Work instruction: If a record holds a picture, drop the picture and repeat everything else word for word.

◇ ◇ ◇

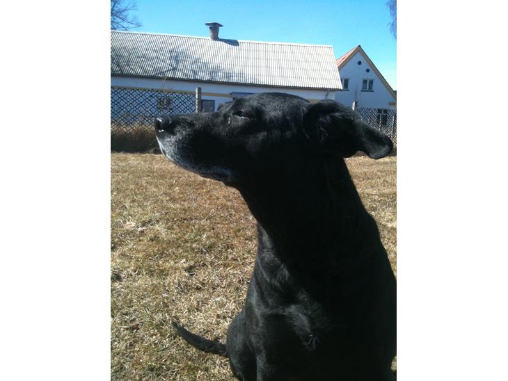 hun er sort. ikke helt. har lidt gråt skæg, det er lidt sjovt da hun ikke altid har haft det. hun har en lille hvid plet på brystede. hun er så kærlig, elsker børn og passer meget godt på dem. hun bedstemme her hjemme og er en rigtigt forkælet. hun har sine steder at ligge. under min seng og tæt på et vindue, så hun kan kigge ud og styre det hele. gider ikke rigtigt at jagte katte eller hare mere da hun ved de er hurtigere. hun elsker griseøre, eller en lille pølse. hun spiser ikke så meget, da der er meget hun ikke kan lide af mad. spiser kun en gang om dagen og det er aftens mad, dog kan der godt komme lidt ned. altså griseøre eller en lille hundekiks. det er dog ikke altid hun vil spise hundekiks. jeg elsker hende virkelig højt og har meget svært ved at forlade hende. hun har altid være der når jeg har brug for hende, hun er min lille guldklup og vil ikke være her i dags vis det ikke var for hende.
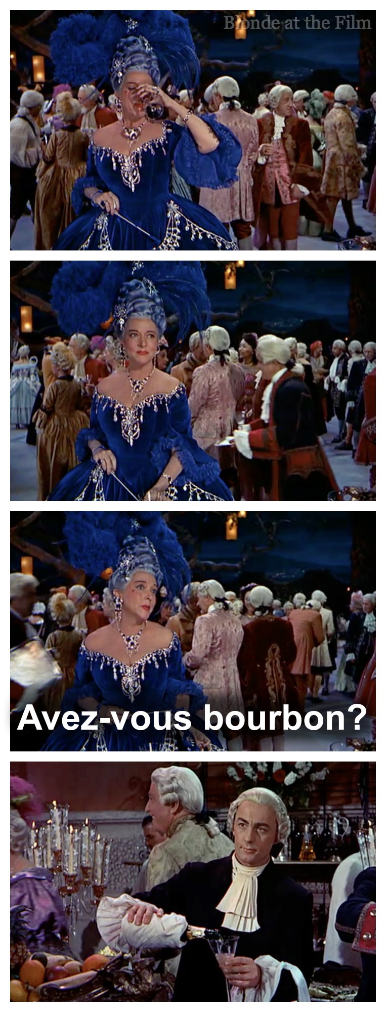 John, Jessie, and Francie enact their plan at the ball with misleading comments and swapped identities, along with non-stop dancing, but one of my favorite parts is when nervous Jessie slugs a glass of champagne, grimaces, and asks for a real drink in her horribly accented French:To Catch a Thief bourbonFrancie and John are the last guests to leave the party. They wait until the policeman following them arrive in the hallway before Francie pulls John inside her room.
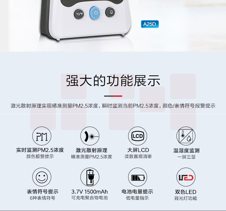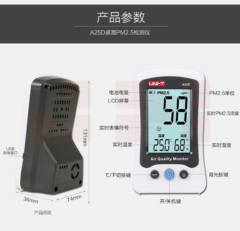 优利德 PM2.5检测仪 空气质量监测仪雾霾检测A25D
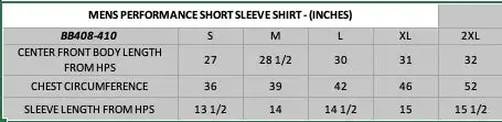 Men’s Performance Short Sleeve Shirt 90% Polyester 10% Spandex. FABRIC PROVIDES ENOUGH STRETCH AND FREEDOM OF MOVEMENT FOR PERFORMANCE APPLICATIONS.
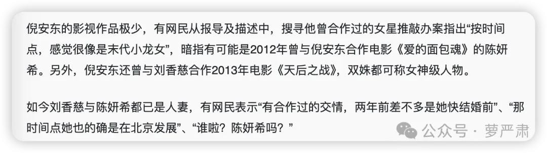 2018年2月,已经结婚八年有女儿的 倪安东 ,跟合作的音乐剧女歌手有婚外恋,倪的妻子告到法院,倪安东更多不忠于婚姻的信息被披露。台湾周刊报道,倪的妻子 在搜集证据时发现,倪安东除了音乐剧女歌手这个婚外恋情,婚姻存续期间还跟“女神级艺人”。其中“女神级艺人”的相关信息包括:两年前(2016年)倪与“女神级艺人”在北京有联系,倪的妻子要求和“女神级艺人”见面问话,对方说不方便,不会和倪再见面,自己快要结婚了。 女神、在大陆发展、2016年快要结婚,这几个信息就让舆论猜测是不是陈妍希。但另外一个高度疑似的是倪安东合作过的女艺人刘香慈。
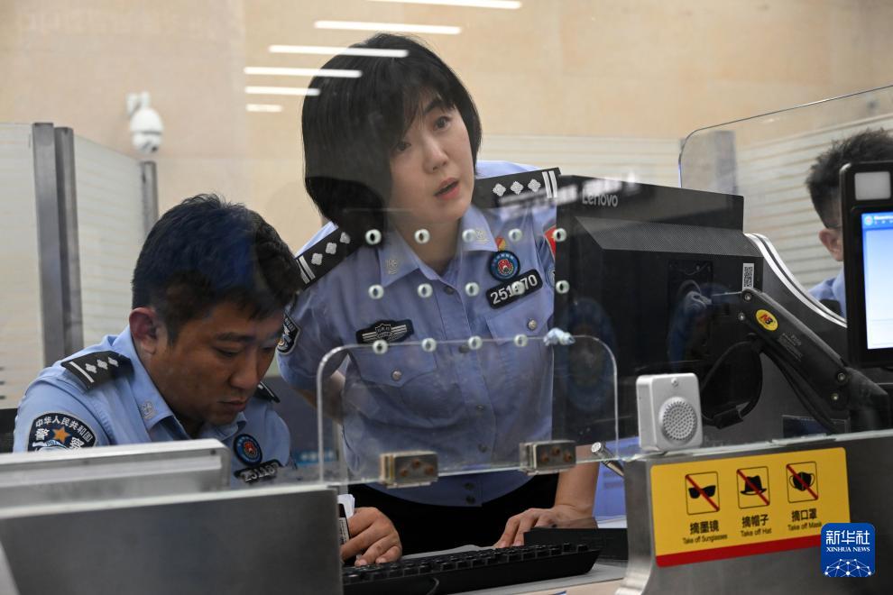 10月14日,移民管理警察曹銳(右)在驗(yàn)證臺幫助一線民警核驗(yàn)護(hù)照。
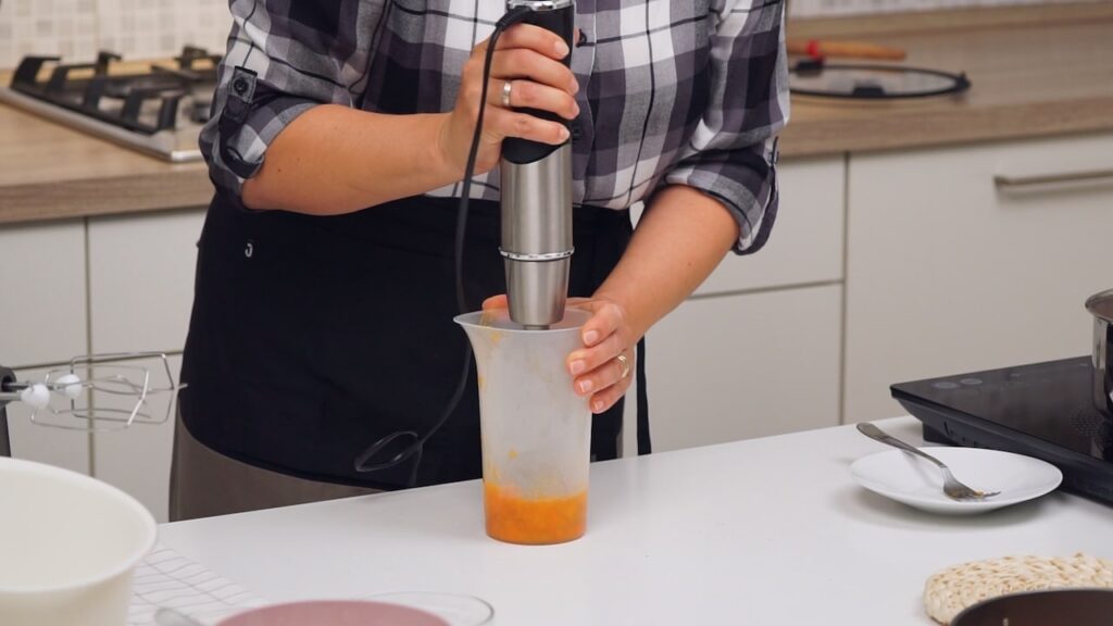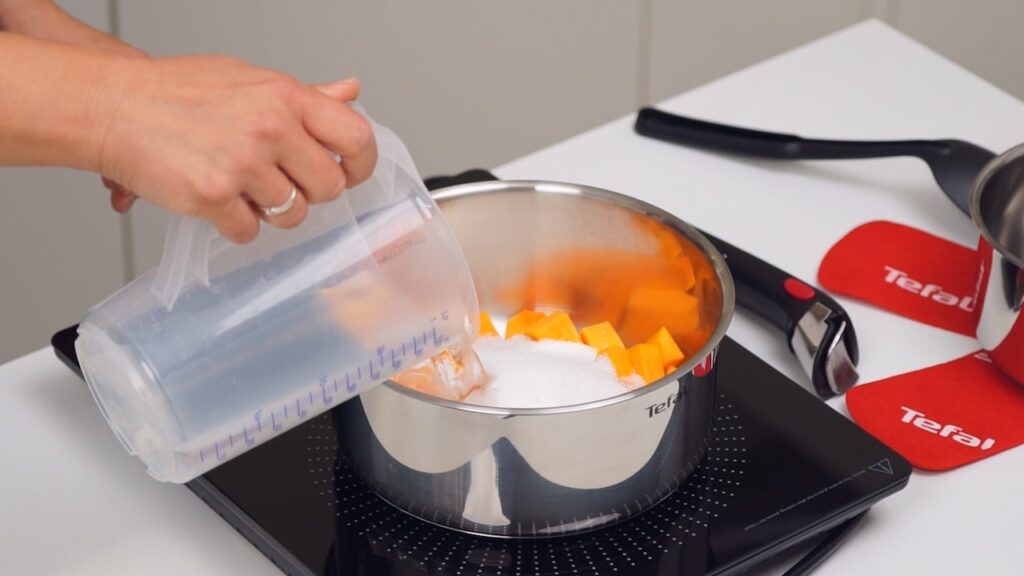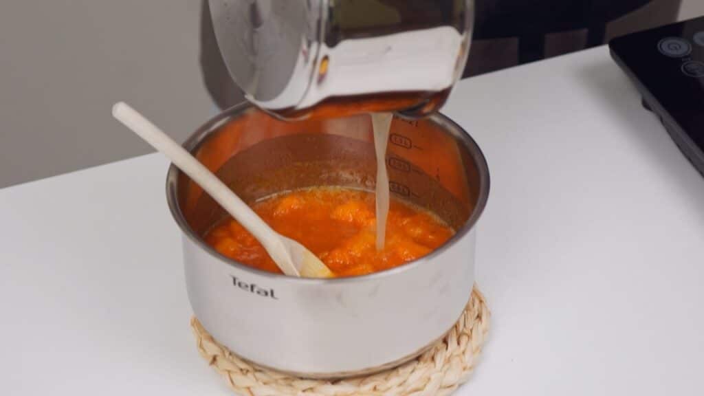 - Za kremu, staviti kuhati narezanu bundevu sa vodom i 200 g šećera. Kuhati tako dugo dok bundeva ne omekša. Tada ju izvaditi na stranu, polovicu bundeva zgnječiti, a ostalo ostaviti po strani. Vodu koja je ostala iza bundeva nastaviti kuhati na tihoj vatri još nekih 5 minuta dok se malo ne zgusne.
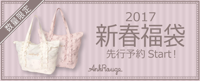 JUGEMテーマ:福袋 じゃじゃん!! 毎年買っているAnkrougeの新春福袋。 2017年の福袋は11月16日(水)WEB予約スタートでしたので 待ちに待って…予約完了しました〜〜☆! 本当にほしいのとかは、予約したが確実だからね(´・ω・`) 初売りに早起きして、若い子たちに紛れて並んで イケイケ〜〜〜〜って感じで買うのはきついっすわ お婆は茶でも啜りながら、こたつの中で福袋が到着するのを待っとるのが一番(方言もろばれw) そもそも今年は疲れすぎ...
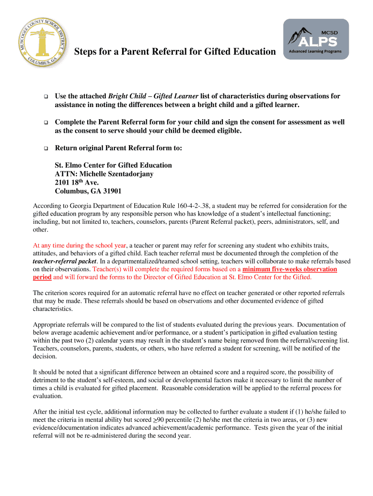 Steps for a Parent Referral for Gifted Educations the attached Bright Child Gifted Learner list of characteristics during observations for assistance in noting the differences between a bright child
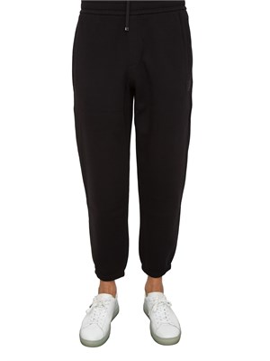 Modello d'ispirazione sporty, questi pantaloni jogger sono realizzati in misto cotone stretch bonded. Le linee essenziali sono rese contemporanee dalla banda laterale a contrasto e dalla presenza della patch logata. Vita elasticizzata e tasche laterali.
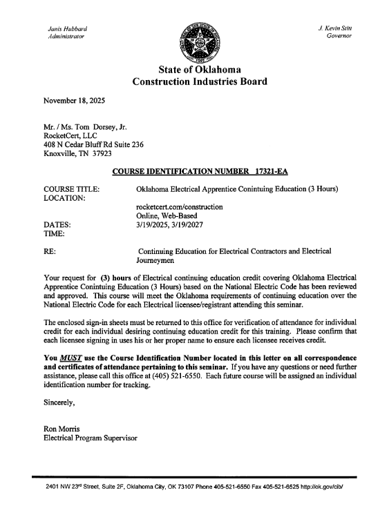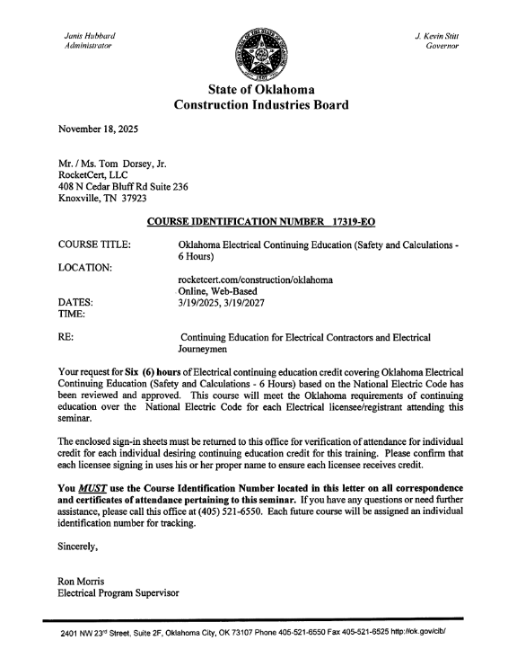 Licensed Oklahoma Electrical completing the required 6 hours of education online with RocketCert

◇ ◇ ◇

Completed exercise:
 hun er sort. ikke helt. har lidt gråt skæg, det er lidt sjovt da hun ikke altid har haft det. hun har en lille hvid plet på brystede. hun er så kærlig, elsker børn og passer meget godt på dem. hun bedstemme her hjemme og er en rigtigt forkælet. hun har sine steder at ligge. under min seng og tæt på et vindue, så hun kan kigge ud og styre det hele. gider ikke rigtigt at jagte katte eller hare mere da hun ved de er hurtigere. hun elsker griseøre, eller en lille pølse. hun spiser ikke så meget, da der er meget hun ikke kan lide af mad. spiser kun en gang om dagen og det er aftens mad, dog kan der godt komme lidt ned. altså griseøre eller en lille hundekiks. det er dog ikke altid hun vil spise hundekiks. jeg elsker hende virkelig højt og har meget svært ved at forlade hende. hun har altid være der når jeg har brug for hende, hun er min lille guldklup og vil ikke være her i dags vis det ikke var for hende.
 John, Jessie, and Francie enact their plan at the ball with misleading comments and swapped identities, along with non-stop dancing, but one of my favorite parts is when nervous Jessie slugs a glass of champagne, grimaces, and asks for a real drink in her horribly accented French:To Catch a Thief bourbonFrancie and John are the last guests to leave the party. They wait until the policeman following them arrive in the hallway before Francie pulls John inside her room.
 优利德 PM2.5检测仪 空气质量监测仪雾霾检测A25D
 Men’s Performance Short Sleeve Shirt 90% Polyester 10% Spandex. FABRIC PROVIDES ENOUGH STRETCH AND FREEDOM OF MOVEMENT FOR PERFORMANCE APPLICATIONS.
 2018年2月,已经结婚八年有女儿的 倪安东 ,跟合作的音乐剧女歌手有婚外恋,倪的妻子告到法院,倪安东更多不忠于婚姻的信息被披露。台湾周刊报道,倪的妻子 在搜集证据时发现,倪安东除了音乐剧女歌手这个婚外恋情,婚姻存续期间还跟“女神级艺人”。其中“女神级艺人”的相关信息包括:两年前(2016年)倪与“女神级艺人”在北京有联系,倪的妻子要求和“女神级艺人”见面问话,对方说不方便,不会和倪再见面,自己快要结婚了。 女神、在大陆发展、2016年快要结婚,这几个信息就让舆论猜测是不是陈妍希。但另外一个高度疑似的是倪安东合作过的女艺人刘香慈。
 10月14日,移民管理警察曹銳(右)在驗(yàn)證臺幫助一線民警核驗(yàn)護(hù)照。
 - Za kremu, staviti kuhati narezanu bundevu sa vodom i 200 g šećera. Kuhati tako dugo dok bundeva ne omekša. Tada ju izvaditi na stranu, polovicu bundeva zgnječiti, a ostalo ostaviti po strani. Vodu koja je ostala iza bundeva nastaviti kuhati na tihoj vatri još nekih 5 minuta dok se malo ne zgusne.
 JUGEMテーマ:福袋 じゃじゃん!! 毎年買っているAnkrougeの新春福袋。 2017年の福袋は11月16日(水)WEB予約スタートでしたので 待ちに待って…予約完了しました〜〜☆! 本当にほしいのとかは、予約したが確実だからね(´・ω・`) 初売りに早起きして、若い子たちに紛れて並んで イケイケ〜〜〜〜って感じで買うのはきついっすわ お婆は茶でも啜りながら、こたつの中で福袋が到着するのを待っとるのが一番(方言もろばれw) そもそも今年は疲れすぎ...
 Steps for a Parent Referral for Gifted Educations the attached Bright Child Gifted Learner list of characteristics during observations for assistance in noting the differences between a bright child
 Modello d'ispirazione sporty, questi pantaloni jogger sono realizzati in misto cotone stretch bonded. Le linee essenziali sono rese contemporanee dalla banda laterale a contrasto e dalla presenza della patch logata. Vita elasticizzata e tasche laterali.
 Licensed Oklahoma Electrical completing the required 6 hours of education online with RocketCert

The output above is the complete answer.